# [Given records]
⁂

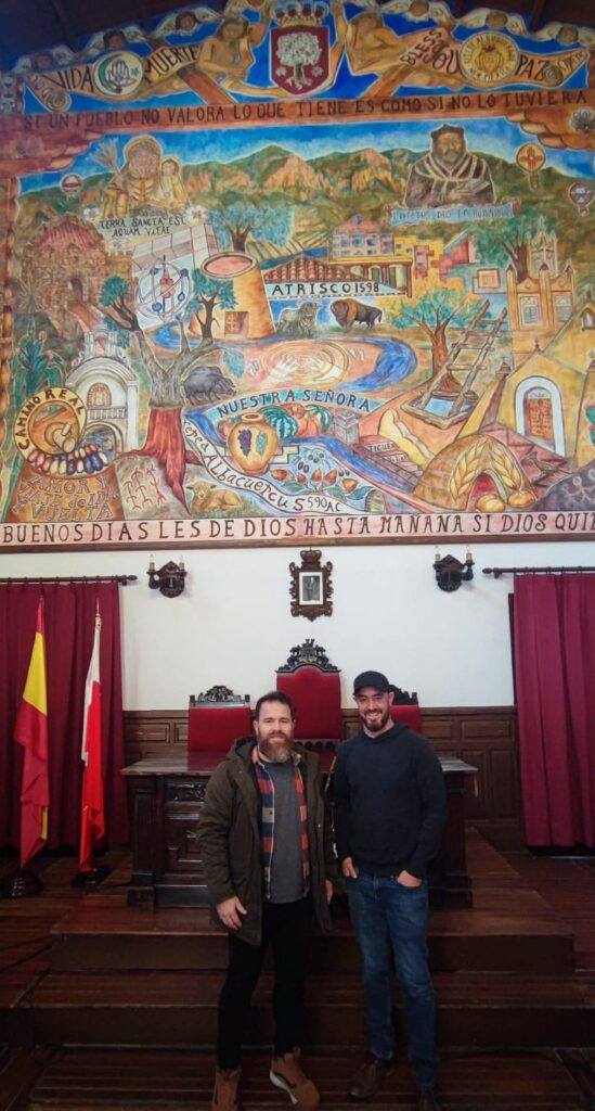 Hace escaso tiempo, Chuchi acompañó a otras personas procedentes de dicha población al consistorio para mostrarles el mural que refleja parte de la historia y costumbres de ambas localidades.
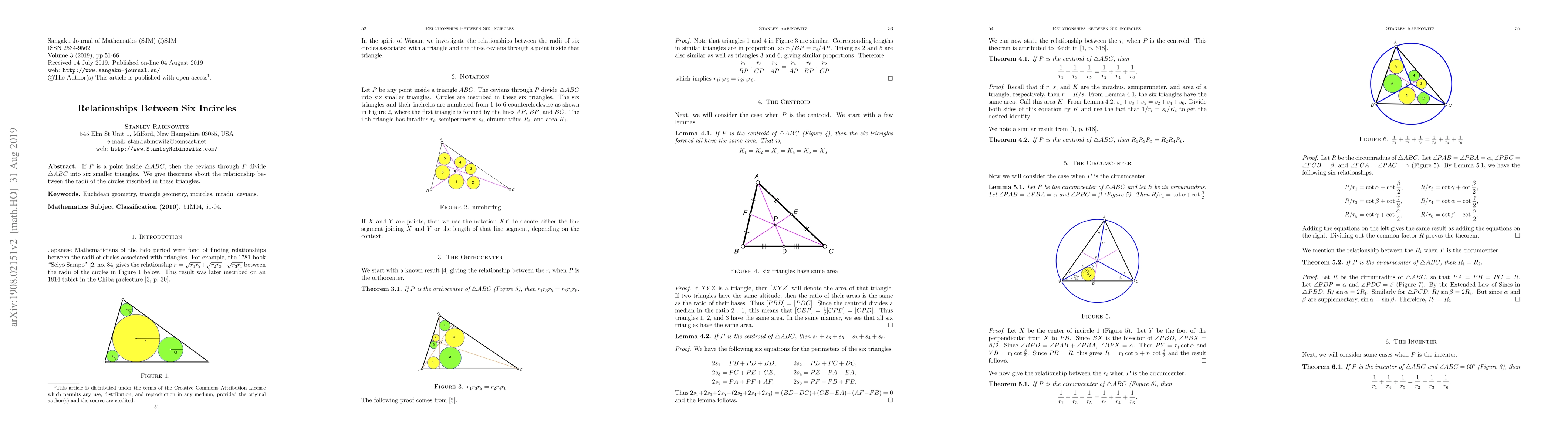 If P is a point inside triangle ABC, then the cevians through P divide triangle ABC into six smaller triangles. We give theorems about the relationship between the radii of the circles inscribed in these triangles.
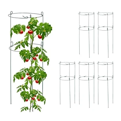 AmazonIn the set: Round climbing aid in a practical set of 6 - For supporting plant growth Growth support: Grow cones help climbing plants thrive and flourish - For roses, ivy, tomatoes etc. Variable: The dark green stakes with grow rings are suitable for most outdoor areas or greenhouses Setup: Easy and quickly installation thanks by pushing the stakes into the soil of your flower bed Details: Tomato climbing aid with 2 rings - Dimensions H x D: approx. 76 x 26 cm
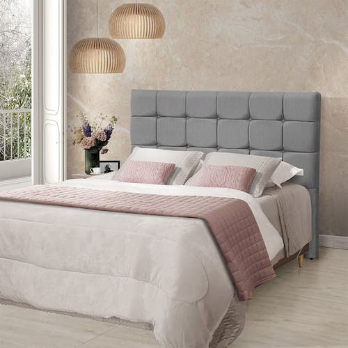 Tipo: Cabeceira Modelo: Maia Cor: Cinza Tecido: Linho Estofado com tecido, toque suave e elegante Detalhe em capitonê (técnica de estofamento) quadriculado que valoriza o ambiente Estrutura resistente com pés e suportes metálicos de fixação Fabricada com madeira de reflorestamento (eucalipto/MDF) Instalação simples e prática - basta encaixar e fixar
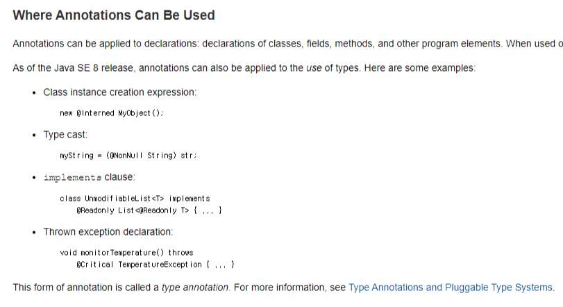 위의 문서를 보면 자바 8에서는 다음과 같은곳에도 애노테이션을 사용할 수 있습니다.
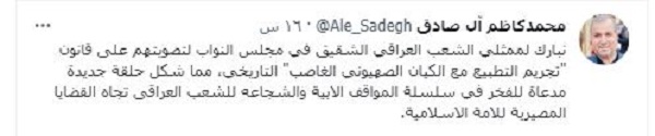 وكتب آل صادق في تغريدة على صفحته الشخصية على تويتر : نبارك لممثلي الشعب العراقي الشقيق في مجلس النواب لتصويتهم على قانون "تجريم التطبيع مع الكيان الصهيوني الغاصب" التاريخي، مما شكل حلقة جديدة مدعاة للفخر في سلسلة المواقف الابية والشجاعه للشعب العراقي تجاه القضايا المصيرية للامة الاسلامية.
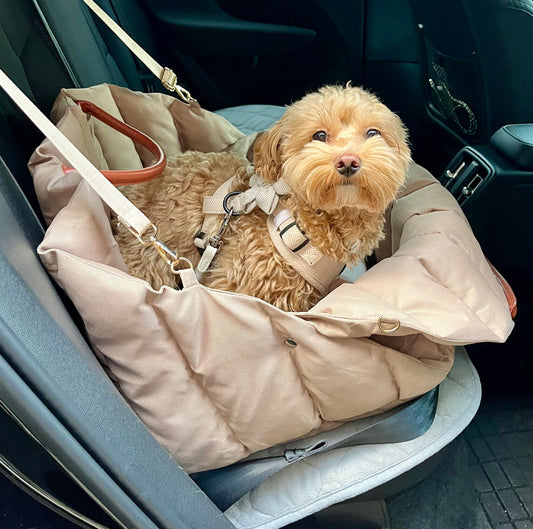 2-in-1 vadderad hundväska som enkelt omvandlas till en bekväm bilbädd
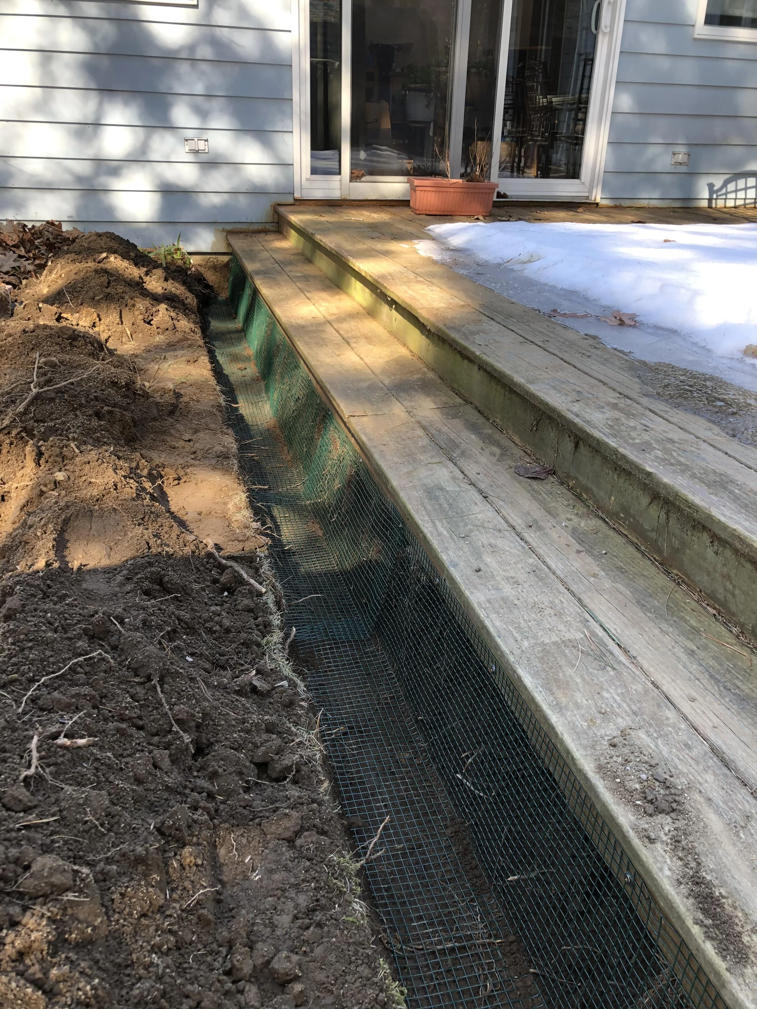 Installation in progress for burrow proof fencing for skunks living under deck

⁂

# [Your assignment]
Repeat every entry exactly, but leave out the pictures.

# [Exercise result]
 Hace escaso tiempo, Chuchi acompañó a otras personas procedentes de dicha población al consistorio para mostrarles el mural que refleja parte de la historia y costumbres de ambas localidades.
 If P is a point inside triangle ABC, then the cevians through P divide triangle ABC into six smaller triangles. We give theorems about the relationship between the radii of the circles inscribed in these triangles.
 AmazonIn the set: Round climbing aid in a practical set of 6 - For supporting plant growth Growth support: Grow cones help climbing plants thrive and flourish - For roses, ivy, tomatoes etc. Variable: The dark green stakes with grow rings are suitable for most outdoor areas or greenhouses Setup: Easy and quickly installation thanks by pushing the stakes into the soil of your flower bed Details: Tomato climbing aid with 2 rings - Dimensions H x D: approx. 76 x 26 cm
 Tipo: Cabeceira Modelo: Maia Cor: Cinza Tecido: Linho Estofado com tecido, toque suave e elegante Detalhe em capitonê (técnica de estofamento) quadriculado que valoriza o ambiente Estrutura resistente com pés e suportes metálicos de fixação Fabricada com madeira de reflorestamento (eucalipto/MDF) Instalação simples e prática - basta encaixar e fixar
 위의 문서를 보면 자바 8에서는 다음과 같은곳에도 애노테이션을 사용할 수 있습니다.
 وكتب آل صادق في تغريدة على صفحته الشخصية على تويتر : نبارك لممثلي الشعب العراقي الشقيق في مجلس النواب لتصويتهم على قانون "تجريم التطبيع مع الكيان الصهيوني الغاصب" التاريخي، مما شكل حلقة جديدة مدعاة للفخر في سلسلة المواقف الابية والشجاعه للشعب العراقي تجاه القضايا المصيرية للامة الاسلامية.
 2-in-1 vadderad hundväska som enkelt omvandlas till en bekväm bilbädd
 Installation in progress for burrow proof fencing for skunks living under deck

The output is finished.